Notre chronique précédente sur la réforme du système éducatif a suscité l’intérêt de certains collègues et amis avec lesquels des conversations ont été engagées en rapport à l’université. On peut donc inscrire la présente chronique dans le prolongement de la conclusion de la précédente quant à « d’autres remarques plus ponctuelles [qui suivraient] au fur et à mesure de l’évolution du processus de réforme ». Un constat de départ a été souligné dans nos conversations évoquées ci-dessus : la carence en ressources d’encadrement à l’université suite au départ à la retraite de plusieurs collègues du collège A.
Au passage, je rappellerais volontiers une remarque précédemment conduite dans mes chroniques pour insister sur la méprise à vouloir imposer – syndicalement – la promotion automatique contre les dossiers scientifique et pédagogique exigés dans la formule en cours dont l’objectif est de maintenir l’enseignant du supérieur en implication et en engagement dans la dynamique pédagogique et de recherche. En effet, c’est par cette logique de transmission et de succession – qui n’est pas simple opération d’imitation, mais surtout un contexte d’interrogation et de réflexion – que se développe et évolue la logique de l’école, au sens large, et se construit une vraie culture citoyenne.
Aujourd’hui, dans des facultés et des instituts censés « faire école » de par leur histoire, certains départements se retrouvent avec à peine deux collègues du collège A dont chacun peut se voir attribuer une quinzaine d’heures d’enseignement, pour un dû de cinq heures ! Par acquis de conscience, ces enseignants acceptent malgré le sacrifice que cela leur coûte, surtout qu’ils ne peuvent même pas être payés pour toutes les heures supplémentaires qu’ils assurent. Comment s’étonner alors si, deux semaines ou presque après la rentrée, les salles et les amphis sont presque vides ?
Cela nous amène à soulever encore la question de l’encadrement. Le ministère pousse vers le dépassement de la formule des unités de recherche pour les laboratoires de recherche ? Noble initiative à condition de lui assurer les conditions de faisabilité : les conditions budgétaires et infrastructurelles évidemment, mais surtout les conditions en ressources humaines. La question est donc, pour une part du problème : « Comment envisager au moins un laboratoire par discipline dans chaque université (ce qui est vraiment misérable) si le nombre d’enseignants du collègue A ne suffit même pas à en faire la moitié ? » Que dire alors lorsque certaines spécificités imposent des orientations de recherche assez variées, dans la logique de l’interdisciplinarité et de la complémentarité interactive ?
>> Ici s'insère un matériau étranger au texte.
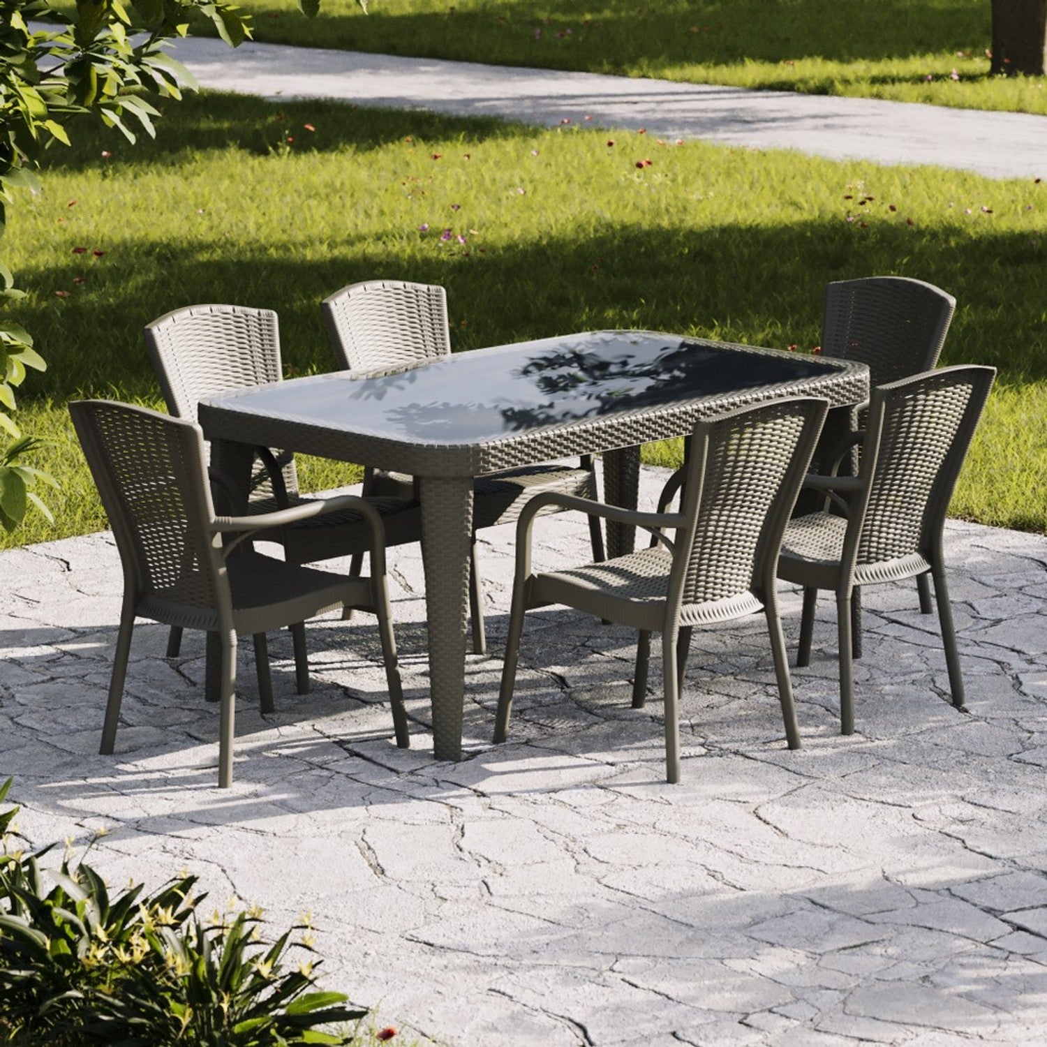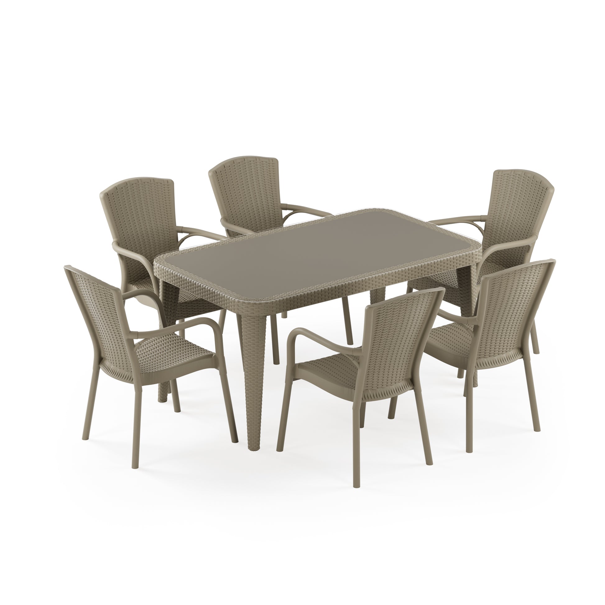 Osaka 6 Kişilik Dikdörtgen Polipropilen Masa Vizon & Royal Sandalye Vizon
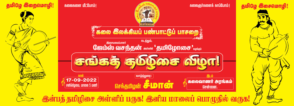 நாம் தமிழர் கட்சியின் கலை, இலக்கியப் பண்பாட்டுப் பாசறை நடத்தும், இசையமைப்பாளர் ஜேம்ஸ் வசந்தன் அவர்களினுடைய ‘தமிழோசை’ வழங்கும் சங்கத் தமிழிசை விழா வருகிற 17-09-2022 சனிக்கிழமையன்று மாலை 5 மணியளவில் சென்னை, கலைவாணர் அரங்கத்தில் நடைபெறவிருக்கிறது. தங்கள் தொகுதிகளில் இந்நிகழ்விற்கான வரவேற்பு பதாகைகள் வைக்கவும், சுவரொட்டிகள் அச்சடித்து ஒட்டுவதற்குமான வடிவமைப்புகளை கீழேயுள்ள இணைப்பில் சென்று தரவிறக்கம் செய்து பயன்படுத்திக்கொள்ளவும்.
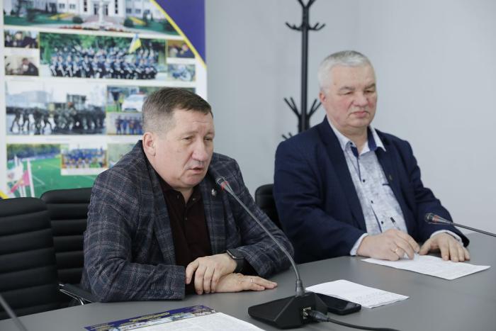 Проректор університету Анатолій Клочко та помічник ректора Віктор Слиш ознайомили потенційних абітурієнтів з історією вишу, його відомими випускниками та перевагами навчання у Харківському національному університеті внутрішніх справ. Розповіли про наукові, спортивні, культурні досягнення університету.
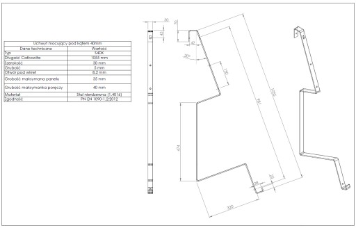 W ofercie dostępne są uchwyty pasujące na barierki o przekroju kwadratowym jak i okrągłym, a maksymalna jego szerokość na który można powiesić uchwyt wynosi 40mm lub 50mm. Każdy uchwyt jest wykonany z materiału antykorozyjnego oraz przymocowany do panelu. Dodatkowo panel jest trzymany od dołu a mikroinwerter zamocowany do niego i tym samym schowany pod panelem, takie rozwiązanie daje nam całkowite bezpieczeństwo i wygodę. Całość stanowi prosty i bezpieczny montaż w postaci powieszenia bez instalowania dodatkowych profili na powierzchniach montażowych bez ingerencji w konstrukcję balustrady. Uchwyty posiadają certyfikat spełniający wymagania budowlane pod konstrukcję fotowoltaiczną zgodnie z PN EN 1090-1,2:2012.
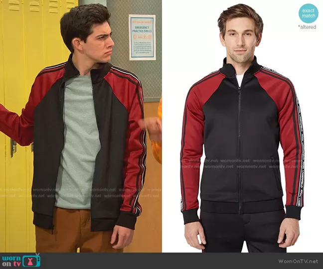 Neil (played by Felix Avitia) on Ravens Home on Disney was spotted wearing this red and black colorblock track jacket on Ravens Home on episode 'Truth or Hair' (5x12) in Jun 2022. Neil's Jacket is the Color-Block Tonal Logo Tape Track Jacket by Karl Lagerfeld Paris.
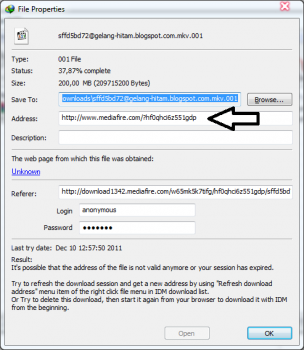 Di tabel file download, klik kanan -> klik properties file yang tidak boleh di resume dan hendak kita resume.
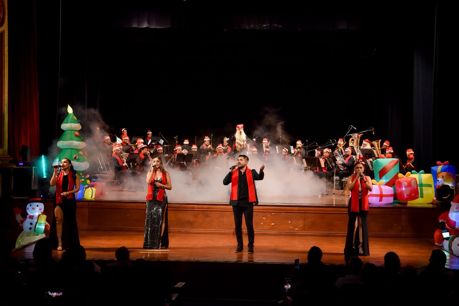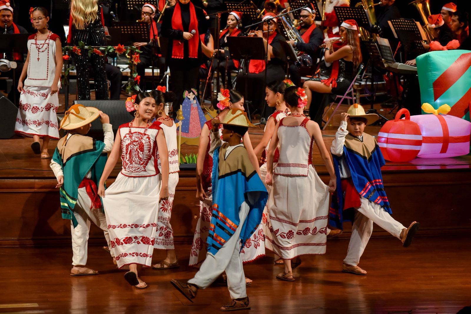 El espectáculo que permitió disfrutar al público de piezas musicales como ‘Christmas festival’, ‘Sleigh ride’ y ‘Noche de paz’, contó con la participación de las agrupaciones de la Secretaría de Educación y Cultura: el Ballet Folklórico Infantil y el Coro Infantil y Juvenil, dirigidos por Cristian Azael y Alejandra Espino, respectivamente. Además, cantantes como Gerardo Robles, Jazmín Zavala, Alelí López y Yunuén Cortés acompañaron algunas de las melodías.

À ce propos, un constat n’a pas manqué de susciter l’étonnement et même le désagrément, celui se rapportant au profit que le secteur peut tirer de la révision du statut des professeurs émérites et que l’administration ne semble pas encore très portée à l’évoquer même, que dire donc à y œuvrer efficacement ! On peut se limiter ici à une seule remarque liée à l’implication de ces compétences confirmées – dossiers scientifiques à l’appui – dans les structures de recherche : il est stipulé que les professeurs émérites ne sont pas à compter dans le nombre requis de collègues du collège A pour la constitution, pour la transformation ou pour la reconduction d’une structure de recherche ! Sauf tout respect dû à nos décideurs, n’y a-t-il pas là une aberration certaine ? Comment s’étonner alors si certains collègues de cette catégorie rompent leurs liens avec leur établissement pour aller s’occuper ailleurs ?
D’expérience, nos collaborations avec d’autres universités d’autres pays nous ont permis de voir s’impliquer et s’activer dans leurs universités respectives des collègues restés efficaces et productifs jusqu’à un âge très avancé et jusqu’à leur décès même. C’est que dans ces pays, le professeur émérite l’est pour la vie et son statut lui permet de s’impliquer profondément dans la dynamique pédagogique et de recherche. C’est d’autant plus favorable à l’établissement qu’on ne lui doit pas un salaire autre que son indemnité de retraite. J’ai encore en mémoire feu Raymond Renard qui a œuvré à l’Université de Mons (Belgique) jusqu’à sa mort, à l’âge de 94 ans. À le voir agir, il y avait de quoi donner des complexes à certains jeunes ! Mais son établissement et ses collègues ont tiré profit jusqu’au bout de son expérience et de son savoir, au niveau national et sur le plan international.